A tour of a Spheral script
Running a problem with Spheral involves assembling the necessary objects in Python: typically a set of physics packages, equations of state, materials, time integrator, etc. These can then be handed to an object designed to coordinate and run the problem (the SpheralController), generating output such as visualization files or invoking custom analysis routines the user might provide. Each of these concepts will be discussed in depth later in this manual, but first let’s take a tour of a simple example designed to run a classic hydrodynamics test: the Taylor-Sedov blastwave.
The analytical description of this problem starts with an infinitesimal energy spike deposited in a uniform pressureless gas. This results in a shock or blastwave that propagates radially away from the original energy spike, and can be described by a self-similar analytic solution for a simple analytical material (such as a \(\gamma\) law gas).
Time sequence of the mass density evolution in the Sedov problem using default Spheral visualization via Visit. The black dots show the positions of the SPH nodes, while the spatial color map of density is produced by coloring polygonal Voronoi cells containing and constructed from the node positions.

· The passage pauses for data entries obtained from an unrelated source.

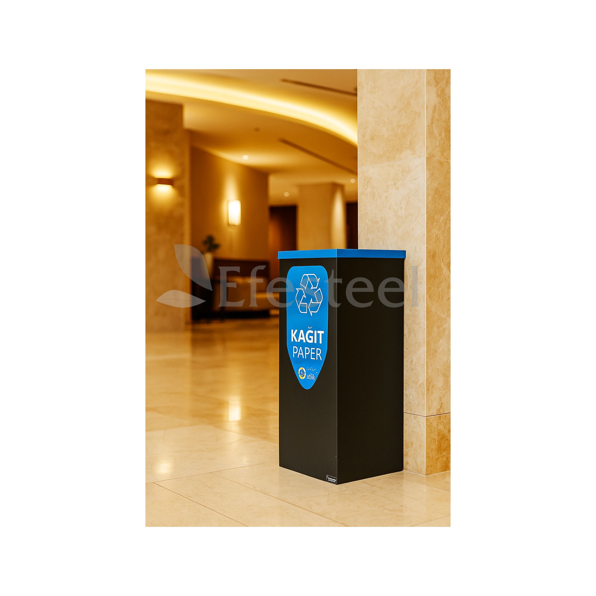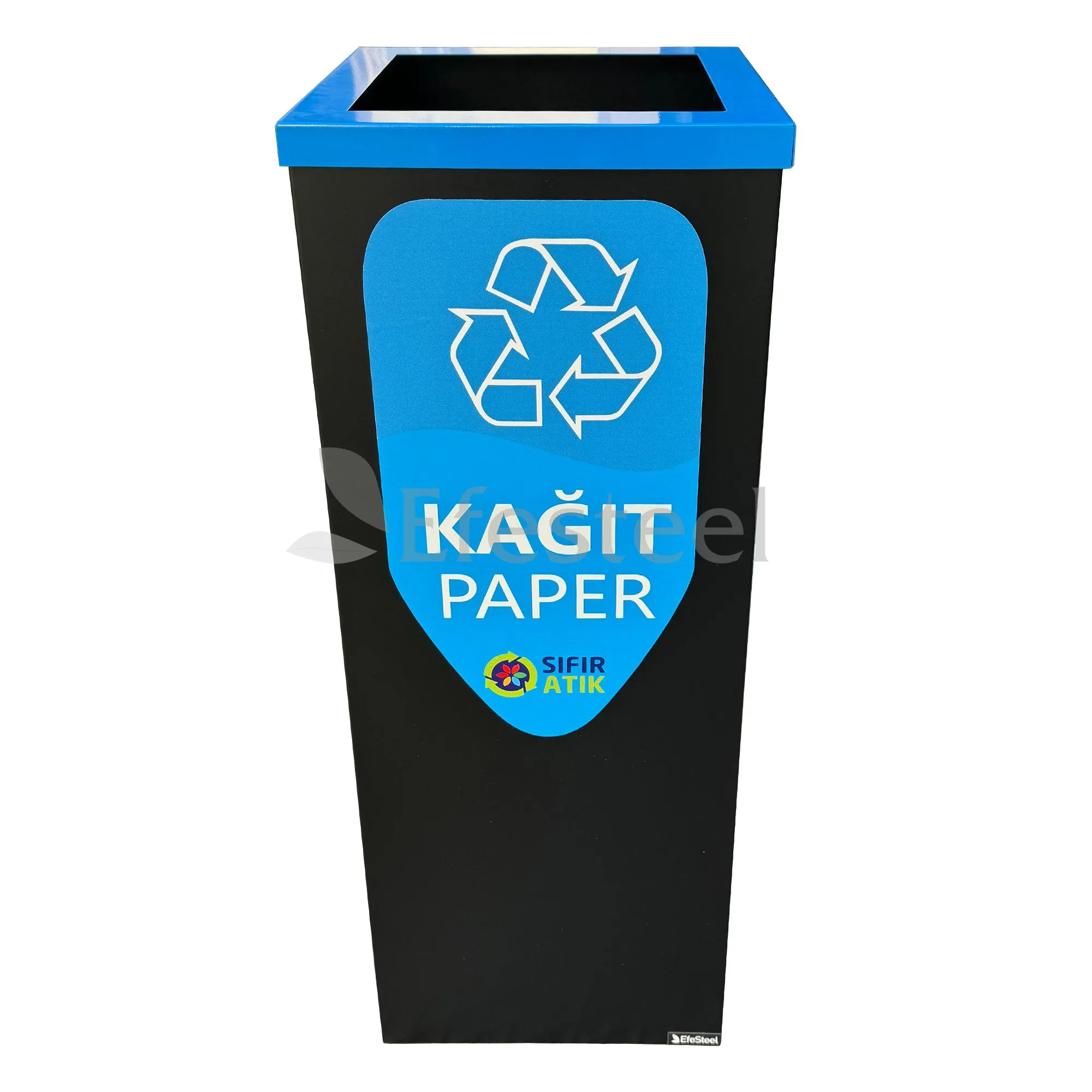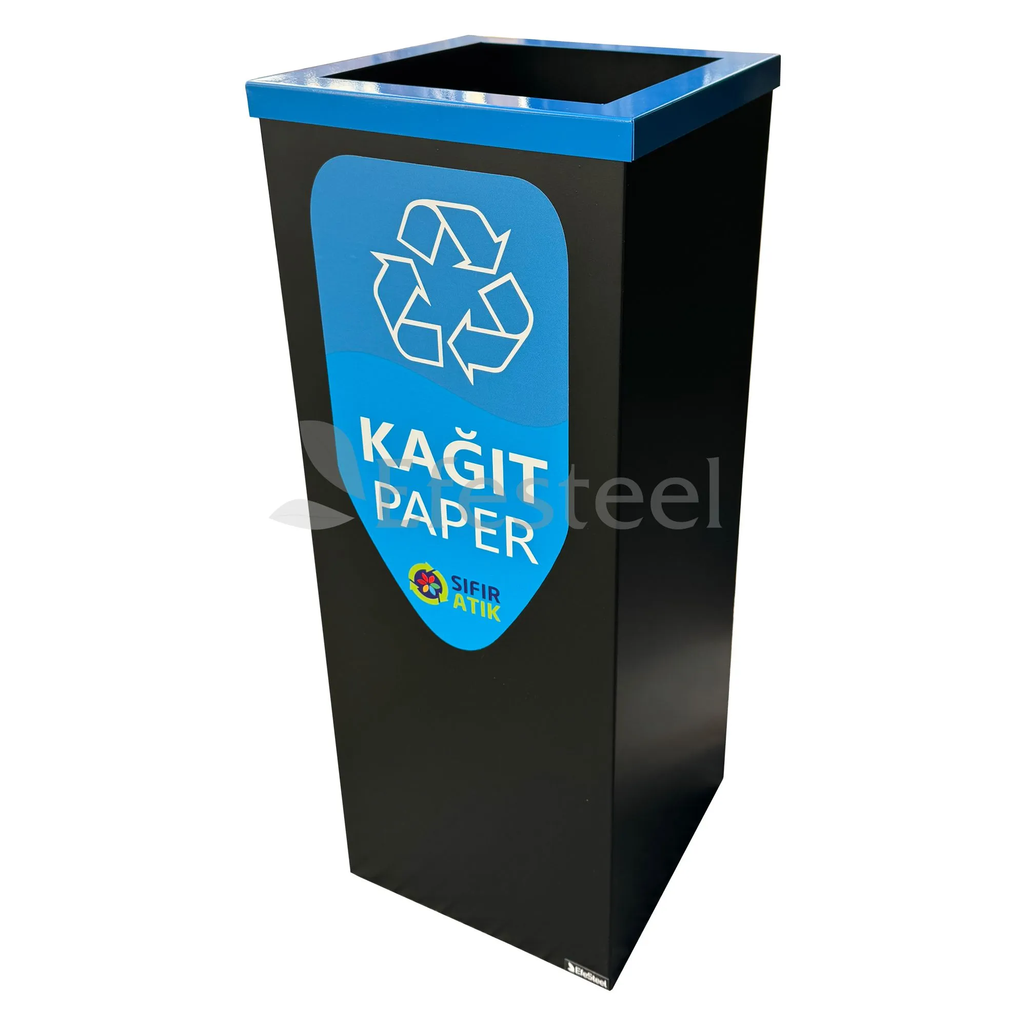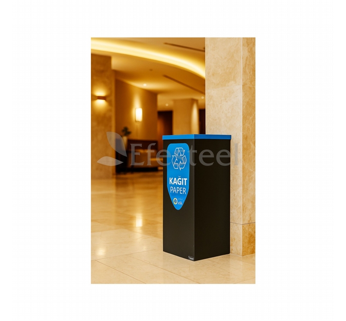 Dkp üzeri elektrostatik toz boya ile boyanmıştır. Geri dönüşüm çöp kovasının ölçüleri 25/25/65 cm. dir.
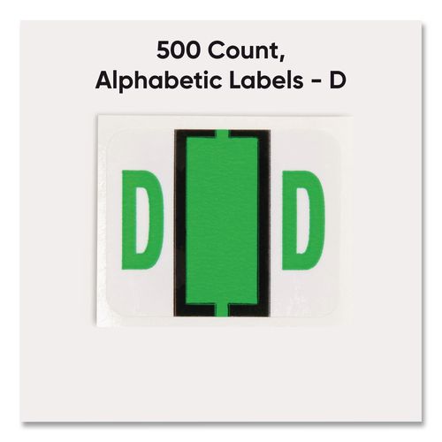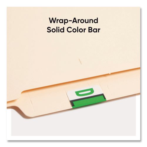 Keep files organized at a glance with these alphabetic labels that feature a wraparound solid color bar and a colored character printed on a white background. Colors are compatible with end tab systems using the bar-style format. Convenient dispensin
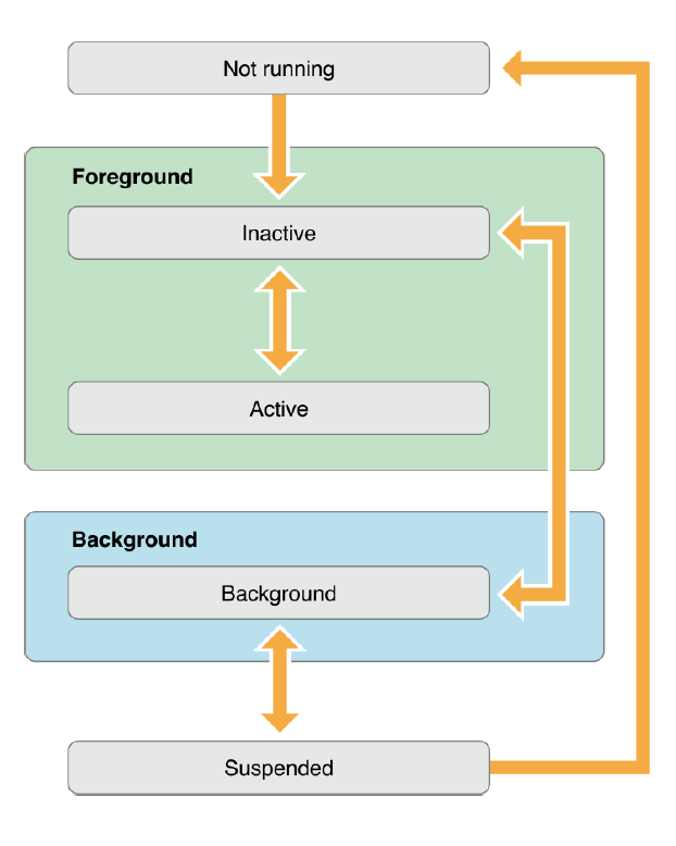- 앱이 background 상태일 때 실행(언제든 Suspend 상태가 될 수 있음)
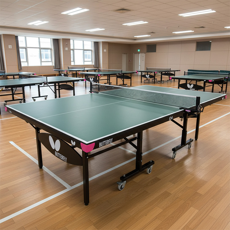 Introducing the Butterfly ID4 Table Tennis Table, where convenience meets championship quality. With its 22mm professional-grade playing surface, this indoor table is perfect for seasoned players and beginners alike. The heavy-duty steel frame, paired with magenta corner protectors and front brakes, ensures unwavering stability and safety during intense rallies. Thanks to its ID4 specification rollaway system, setting up or storing this table is a breeze. Just add the wheels, and you're ready to play or pack away effortlessly.
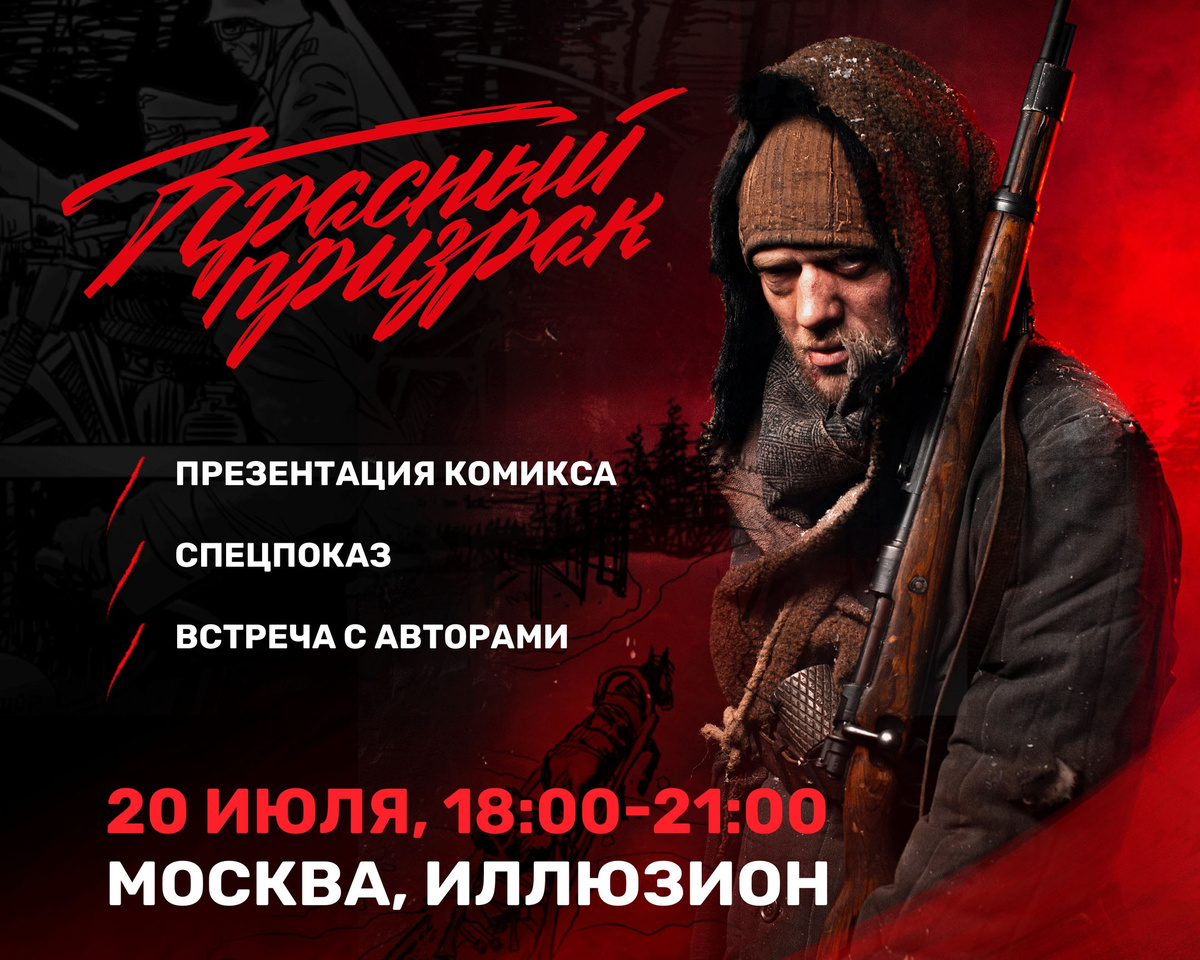20 июля в 18:00 в московском кинотеатре «Иллюзион» состоится спецпоказ фильма «Красный призрак», приуроченный к выходу одноименного комикса издательства Alpaca. Графический роман является вольным продолжением картины, развивающий тему нового главного героя – немого мстителя Константина. Гостей вечера ждет показ фильма, презентация графического романа, а также встреча с режиссером Андреем Богатыревым, актерами Константином Симоновым и Славой Шихалеевым, сценаристом Дмитрием Чиновым и художником Ильей Ворониным. Действие ленты разворачивается зимой 1941 года. В немецких тылах ходят слухи о неуловимом советском солдате, который возникает словно из воздуха и в одиночку расправляется с фашистами. Партизана нельзя пленить или застрелить. Немцы прозвали его Красный призрак, и бросили на поиски отряд карателей. В продаже доступно 2 вида билетов: - стандартный (300 рублей) – просмотр фильма и встреча с авторами; - лимитированный (800 рублей) – в дополнение идет экземпляр комикса с эксклюзивной
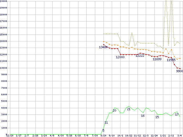 ※このグラフは過去のデータも税率5%相当に調整した税込み相当額のグラフです。 税率変更や、総額表示方式導入(2004年4月)の影響は除いています。 | | | ●凡例 | 最安値 (点線部は販売店未確認 または未調査) | 平均値 | 最高値 | ショップ数 |
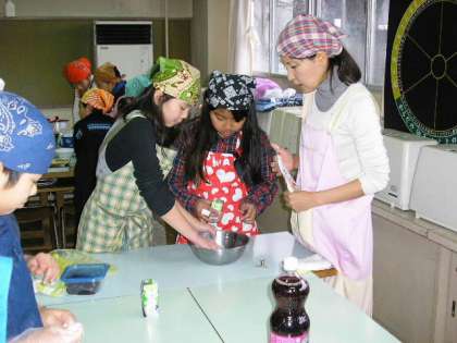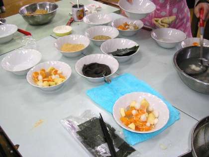 班ごとに分担して白玉だんごを作りました。(1月20日)
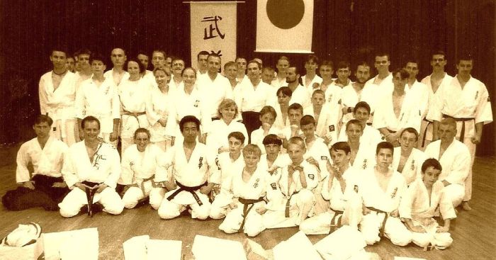 W dniu 15.05.1997 mieliśmy okazję uczestniczyć w wyjątkowym pokazie w Auli UMK, który był częścią cyklu Dni Kultury Japońskiej w Toruniu. To wydarzenie zgromadziło również ćwiczących aikido i karate shotokan, co dodatkowo wzbogaciło pokaz. Szczególnie cieszyliśmy się z obecności Teruo Miyazaki 2dan z Japonii, który przyjechał do Torunia na zaproszenie organizatora. Wspólnie z nim mogliśmy zaprezentować nasze umiejętności. Jego szczególnym pokazem było teamashiwarii. Aktualnie, przebywa w Warszawie, gdzie dzieli się swoją wiedzą, prowadząc zajęcia w Bielańskim Klubie Kyokushin Karate. My również oprócz techniki kyokushin karate pokazaliśmy jak rozbijać można dachówki 🙂
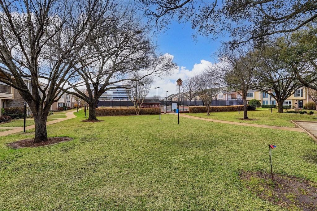 Set within a beautifully maintained, park-like community in the sought-after Briargrove Park area, this updated 3-bedroom/2.5-bath townhome delivers both comfort and convenience. The first level features luxury vinyl plank floors and fresh paint (2022), along with stylish updated lighting fixtures and double-pane windows. The spacious formal living room overlooks a greenbelt with a small playground, while a separate den at the rear of the home features a wood-burning fireplace with brick surround. A designated dining area opens to the updated kitchen with 2023 GE stainless steel appliances including dishwasher, range and microwave. Newly turfed patio (2025) is located off the den and connects to a covered 2-car carport with attached storage. Community amenities include a pool, tennis courts, and secured access to neighboring Mary Ann Francklow Park. Ideally located just minutes from CityCentre, Memorial City, Town & Country, major freeways including Beltway 8, and the Energy Corridor.
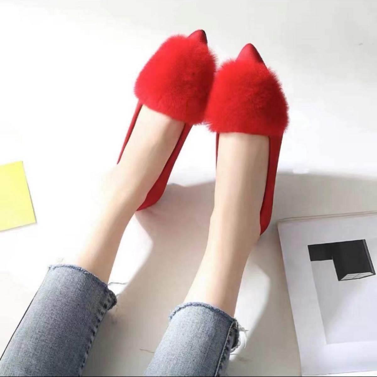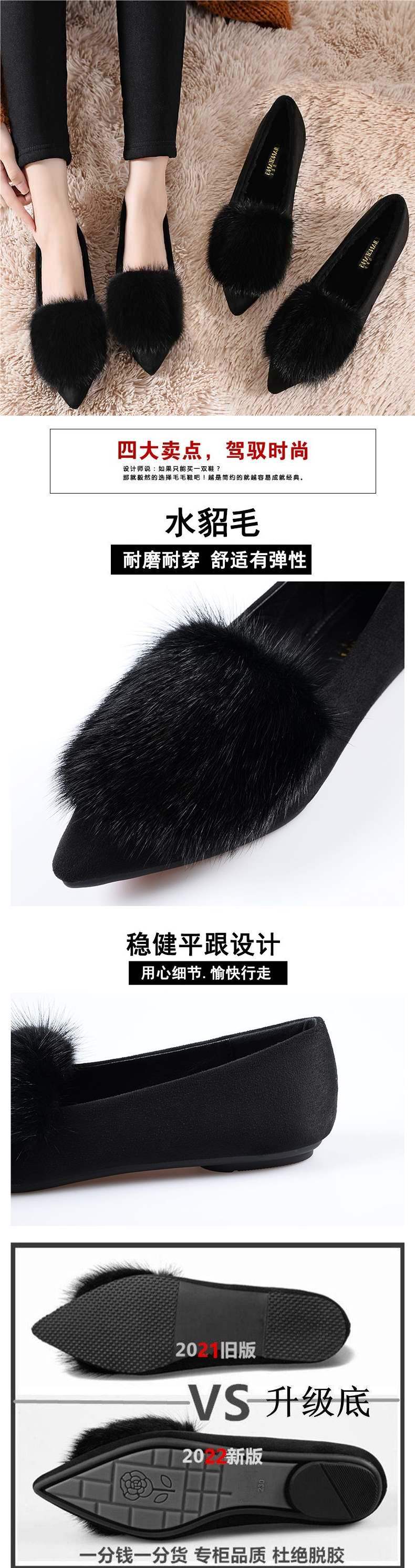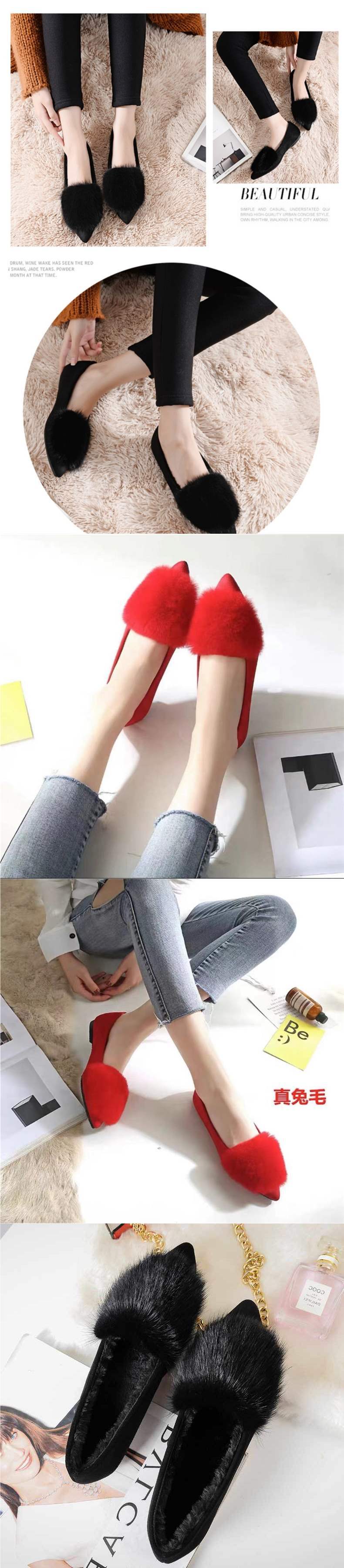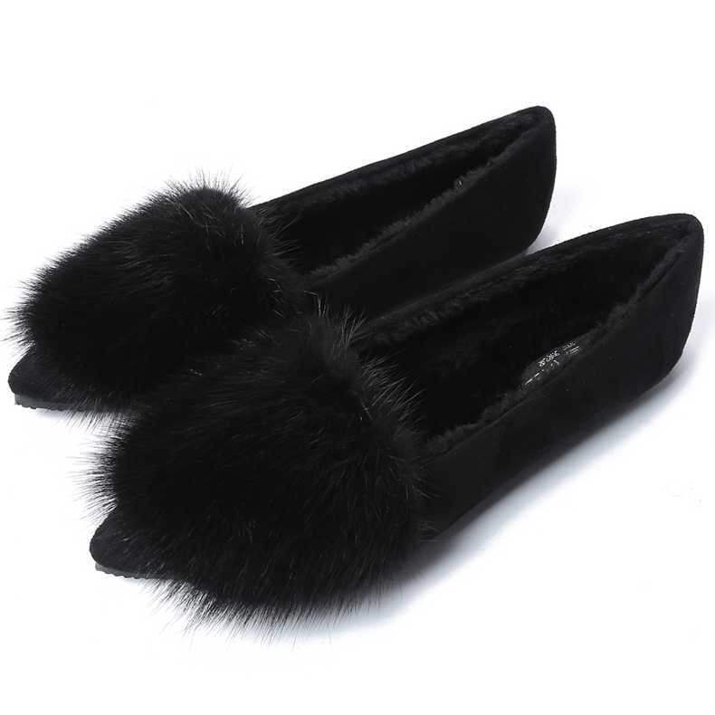 2025 신상 밍크 모피 슈즈, 여성 겨울 벨벳 싱글 슈즈, 뾰족한 앞코, 플랫 바닥, 얕은 입구 슈즈스토어 가기
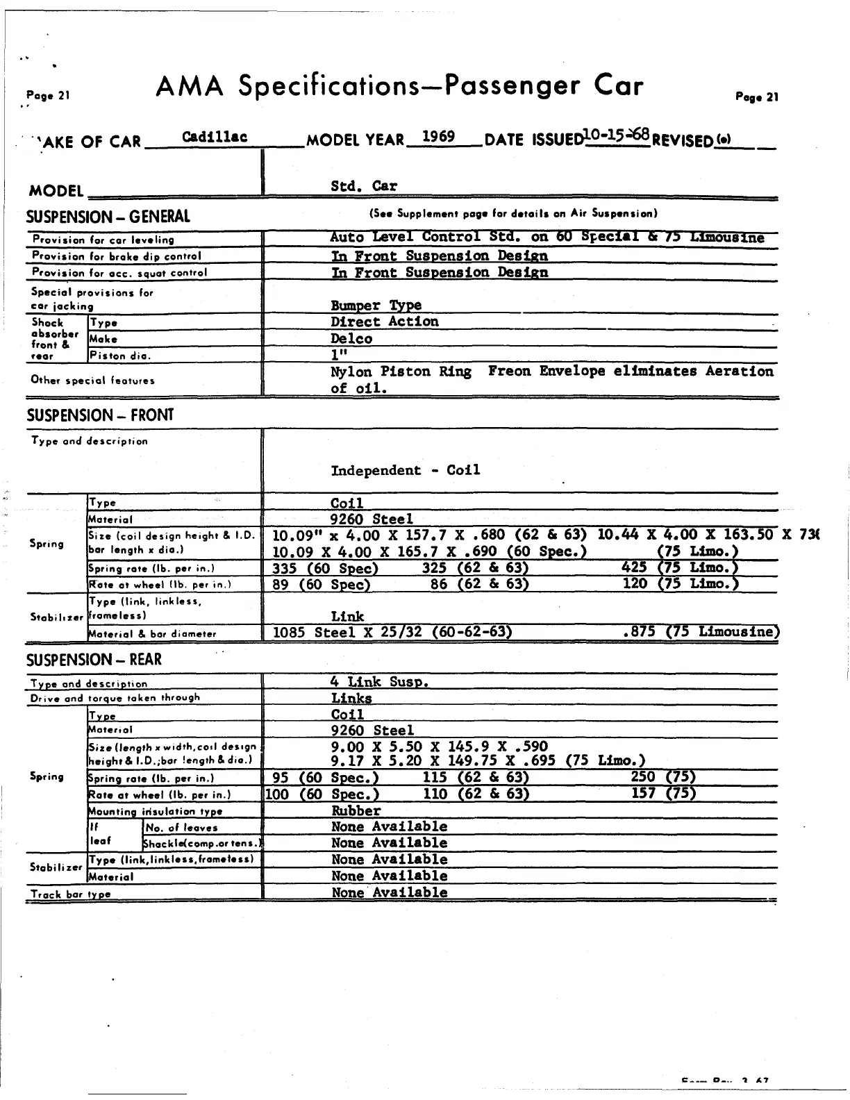 (See Supplement page (or details on Air Suspension)

First let’s look at the example Python script in its entirety, and then we’ll go through it section by section in more detail:
#-------------------------------------------------------------------------------
# The cylindrical Sedov test case (2-D).
#-------------------------------------------------------------------------------
import os, shutil
import mpi
from Spheral2d import *
from SpheralTestUtilities import *
from GenerateNodeDistribution2d import *
from PeanoHilbertDistributeNodes import distributeNodes2d
from SpheralMatplotlib import *
title("2-D SPH hydrodynamics demonstration of the cylindrical Sedov problem")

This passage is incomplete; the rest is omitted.